The tribunal, in dismissing Ghana’s case, delved into the basis for terminating the contract, stating that the evidence before it indicated that “GPGC did have a building permit for the Blue Ocean Site issued by the Kpone-Katamanso District Assembly on August 15, 2017.”
“GoG [The government] has not been able to adduce any statute or regulation, including the Energy Commission Act, which addresses the requirement for any such additional construction permit,” the Tribunal ruled.
“On the basis of the record as it now stands, it is apparent that even as Dr. Ahenkorah [Energy Commission Executive Secretary at the time] was putting up further hurdles over which he required GPGC to jump in pursuit of its provisional generation licence in November 2017, the Minister of Energy was about to seek the approval of the Ghanaian Parliament of a decision to terminate the EPA along with a number of other PPAs, based upon the Report of the PPA Committee chaired by Dr. Ahenkorah,” it said.
Under British law, the government had 28 days to challenge the tribunal’s decision. However, it went to sleep only to appear in court three days to the expiry of the deadline to ask for an extension.
Omnia Strategy LLP, a British law firm, made the case for an extension and asked for 56 days—twice the allowed grace period.
However, the court set March 8, 2021, for the Government to file processes to challenge the Tribunal’s decision in January. But again, the government took a long nap until April 1, 2021, before filing. This time, another British law firm, Volterra Fietta, had instructions from the government to begin the process.
The law firm, which tagged itself as the only dedicated public international law firm in the world, explained that the new Attorney General, Godfred Yeboah Dame, had only been sworn in on March 5, and the firm received the directive to represent Ghana 10 days later.
But ruling on the matter on June 8, 2021, the court had no sympathies.
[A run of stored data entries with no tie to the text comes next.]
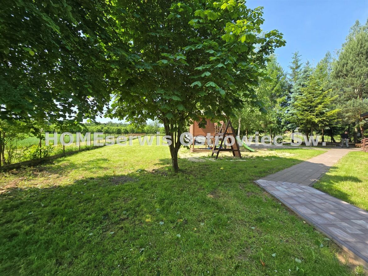 Na terenie posesji znajduje się duże oczko wodne, duży grill w kształcie koła, domek z drewna dla dzieci z piaskownicą, drewutnia i magazynek metalowy. Do budynku prowadzi długa alejka wyznaczona przez szpaler drzew, na terenie posesji wiele starych drzew liściastych i iglastych.
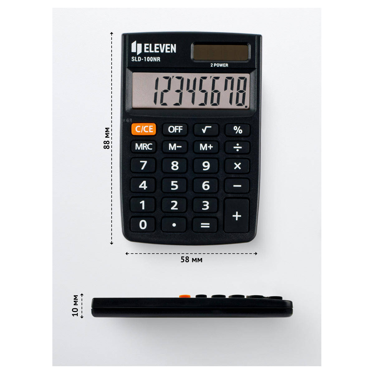 Calculatorul de buzunar cu 8 cifre Eleven SLD-100NR este conceput pentru a efectua operatii aritmetice. Functiile de baza va vor ajuta sa faceti calcule simple, sa calculati radacini patrate si procente si sa efectuati operatii de memorie. Sursa de alimentare dubla (solara + baterie AG10, LR1130, LR54) si oprirea automata cresc durata de viata. Dimensiunea calculatorului � 88x58x10 mm, greutate � 37 g, culoare � negru.
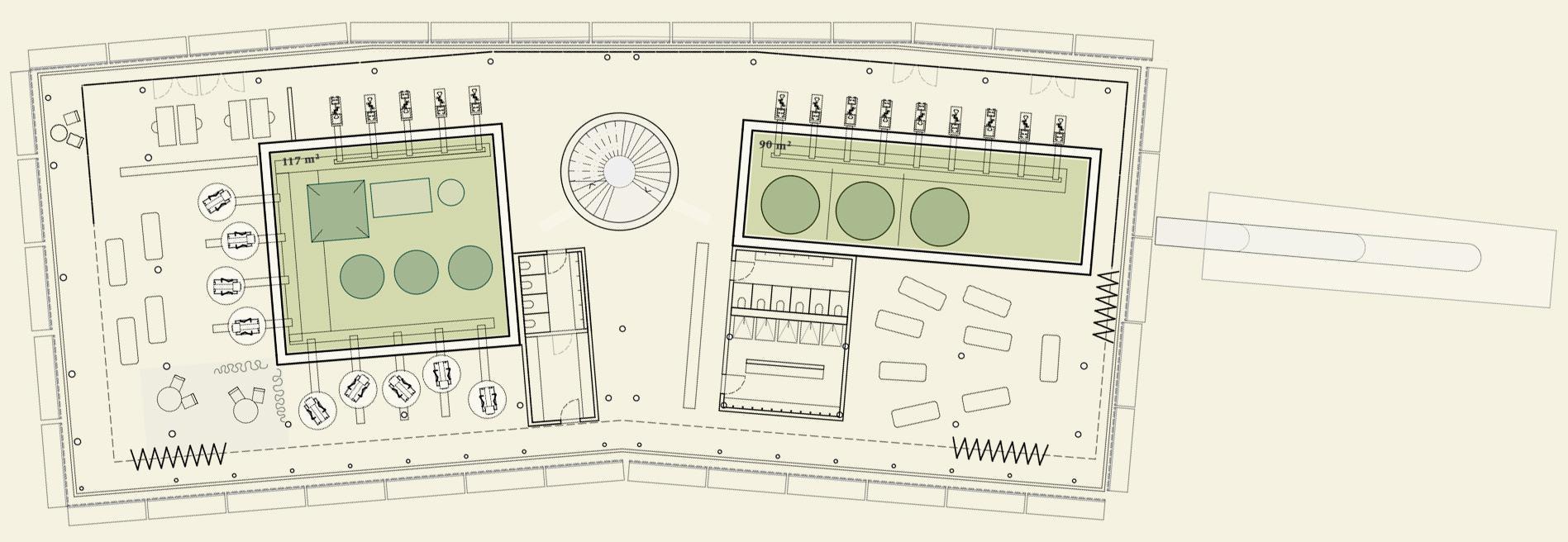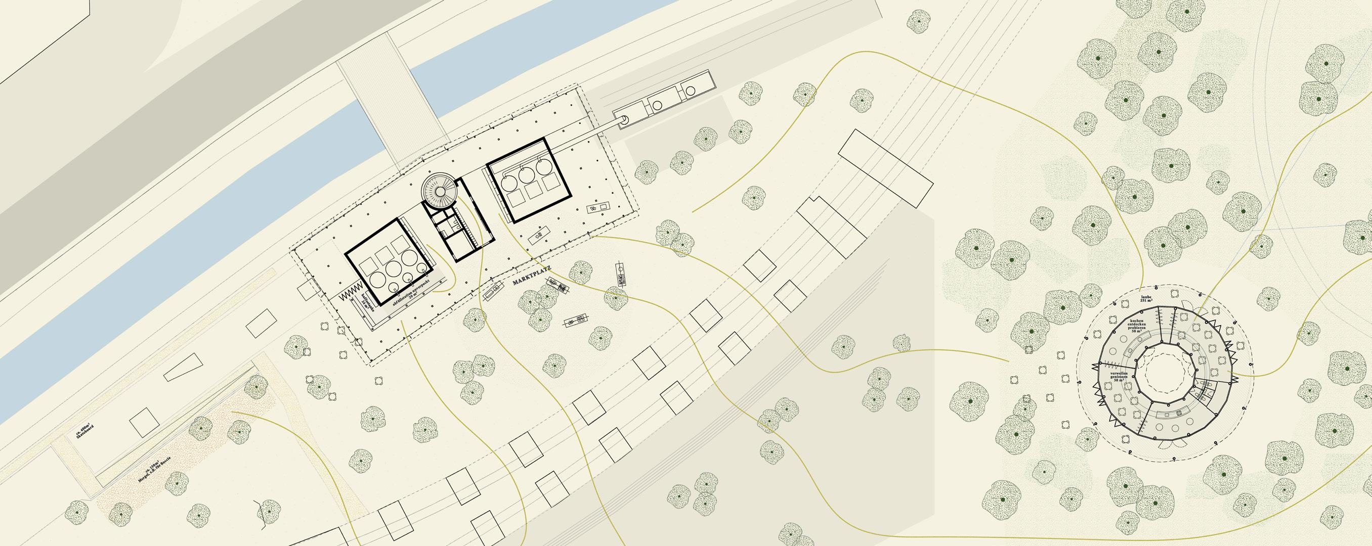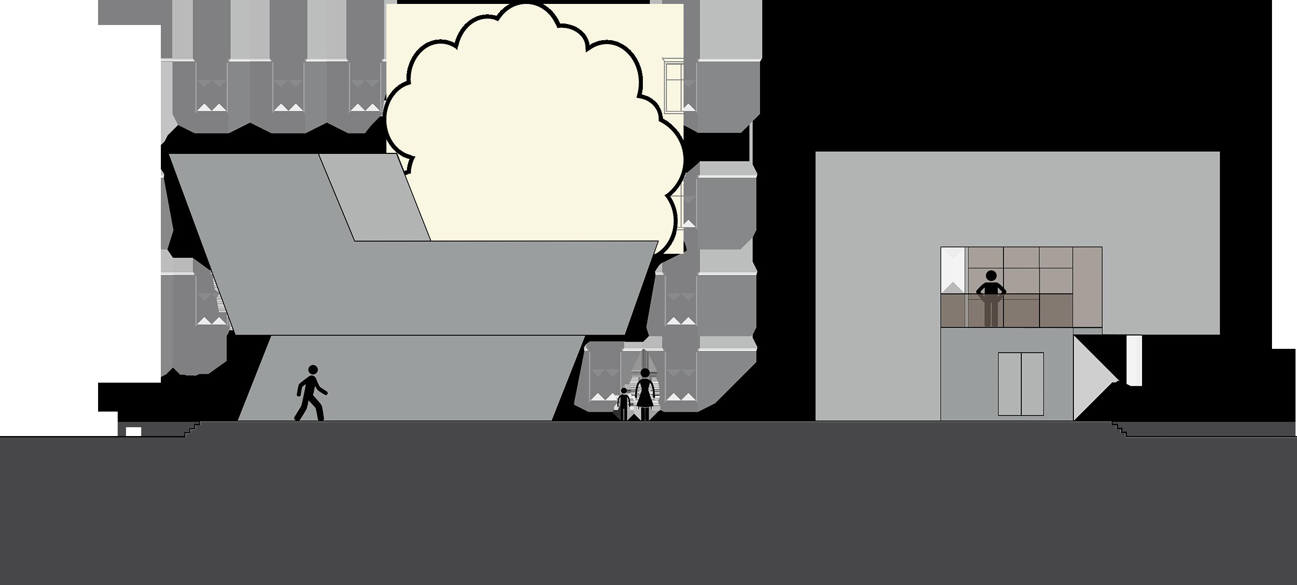 Die Kreuzung dieser beiden Achsen bietet Potential für einen besonders aufgewerteten öffentlichen Raum, dies wird durch mehrere Interventionen umgesetzt.

It said the excuses were unreasonable and “intrinsically weak”.
The presiding judge, Justice Butcher did not hold back.
The judge said the government’s delay was “significant and substantial” as its request for a second extension had come 38 days after the statutory deadline and 27 days after the first extension expired, the Global Arbitration Review (GAR) reported.
He noted that the large sum of money involved in the arbitration was not enough grounds for the appeal to take as long as it did.
“The fact that the Attorney General had not been sworn in until March 5 did not mean the government was unable to act in the meantime, the judge said.